A warm, inspirational blog graphic featuring a woman standing on a balcony overlooking a sunlit landscape while holding a mug and reflecting quietly. The text reads, "The Day I Stopped Asking for Permission." Soft green and gold tones create a calm, empowering mood that evokes self-trust, freedom, and personal growth.

The Day I Stopped Asking for Permission

I was standing in a driveway in La Mirada, handing the magician divorce papers I had filed myself.

No lawyer. No safety net. Just a form I’d filled out at a friend’s kitchen table and the steady, unshakeable knowledge that this chapter of my life was over.

When he looked at the papers, then looked at me, he sneered: “You know what’s wrong with you, Jonni? You think you’re too good for us.”
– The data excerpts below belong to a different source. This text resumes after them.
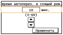 Установите продолжительность времени, по истечении которого устройство автоматически переходит в спящий режим.
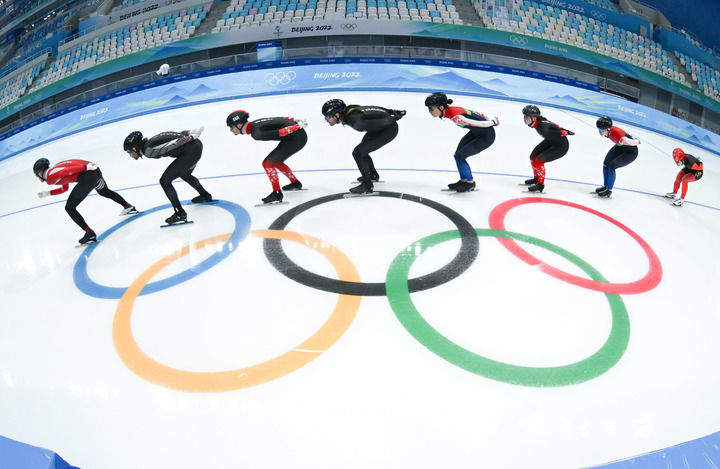 2月18日,參加北京冬奧會速度滑冰集體出發項目比賽的運動員們在國家速滑館“冰絲帶”進行賽前訓練。(新華社記者 武巍 攝)
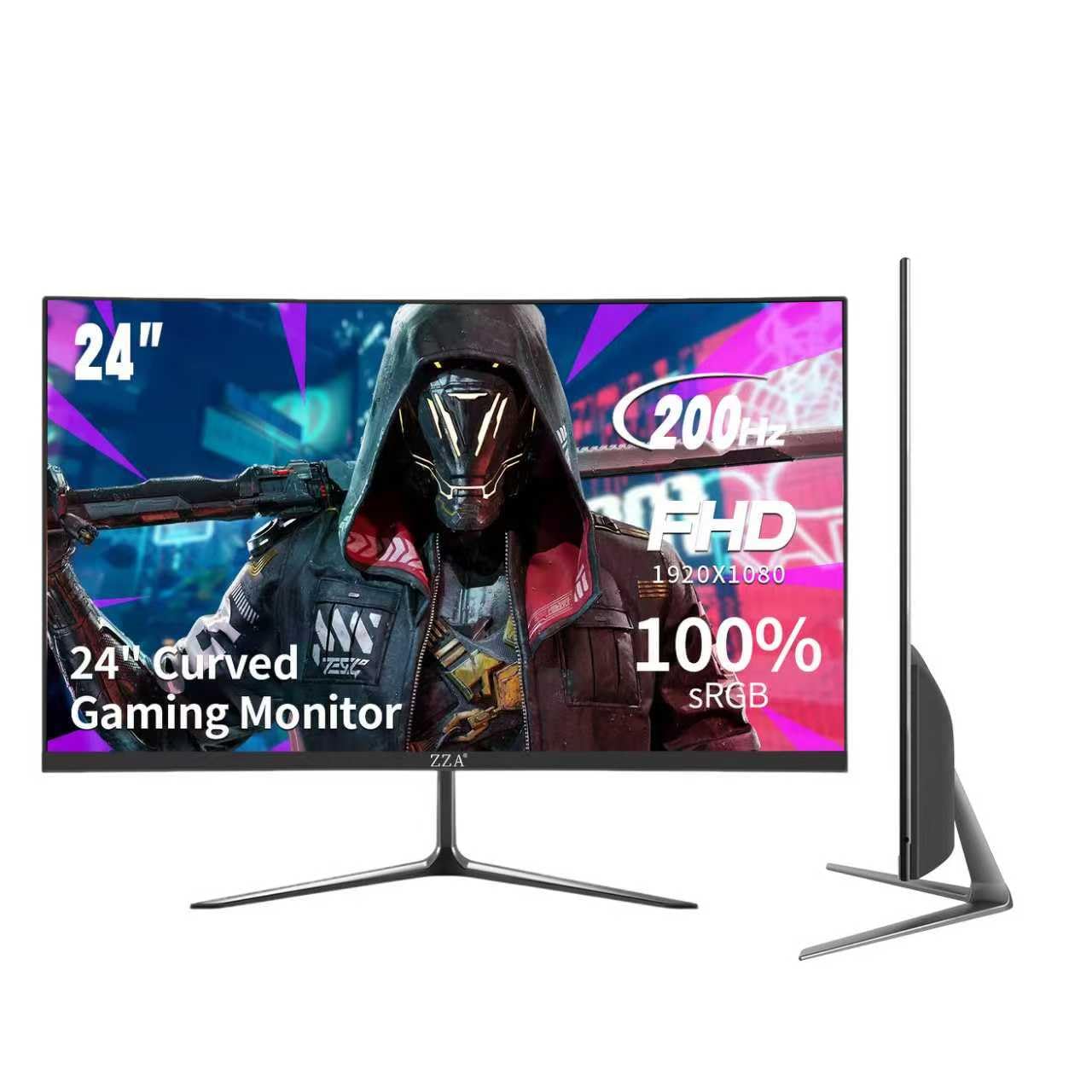 ZZA Monitor 24 Inch 200HZ,Computer Screen FHD 105% sRGB FreeSync,Frameless Full on Three Sides,Curved Monitor with VESA,HDMI,DP,Blue Light Filter,24 Inch Gaming Monitor for Home Office and Dormitory 24 inch 200HZ 1K

For most of my life up to that point, a comment like that would have undone me. I would have apologized. I would have shrunk a little. I would have found some way to make him more comfortable with the thing I needed to do for myself.

Instead, I heard myself say: “You know what, Darryl? I am.”
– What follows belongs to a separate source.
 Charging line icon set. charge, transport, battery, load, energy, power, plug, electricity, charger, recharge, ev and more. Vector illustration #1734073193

I got in my car and drove away.

It sounds simple. But I want to be honest about what that moment actually cost me to arrive at — because it wasn’t courage born from a place of clarity and confidence. I was not yet twenty-one. I was riddled with shame. I had run away in the middle of the night to marry a man I barely knew, and now I was married and divorced before most of my friends had finished their sophomore year of college — a college I’d had to drop out of because of the chaos that marriage had caused. I had lost my per diem, my spot on the dance team, the music degree I’d been working so hard for.

I had every reason to stay small in that driveway. To apologize for inconveniencing him. To question whether I had any right to walk away from a mess I’d made.

But to stay in that abusive, toxic environment would have cost me even more than I’d already lost. So I held the decision. I kept it. And for the first time, I didn’t ask anyone’s permission to do so.


The Habit Nobody Talks About

Here’s something I’ve noticed in almost every woman I’ve worked with, no matter how accomplished, capable, or self-aware she is: She still checks.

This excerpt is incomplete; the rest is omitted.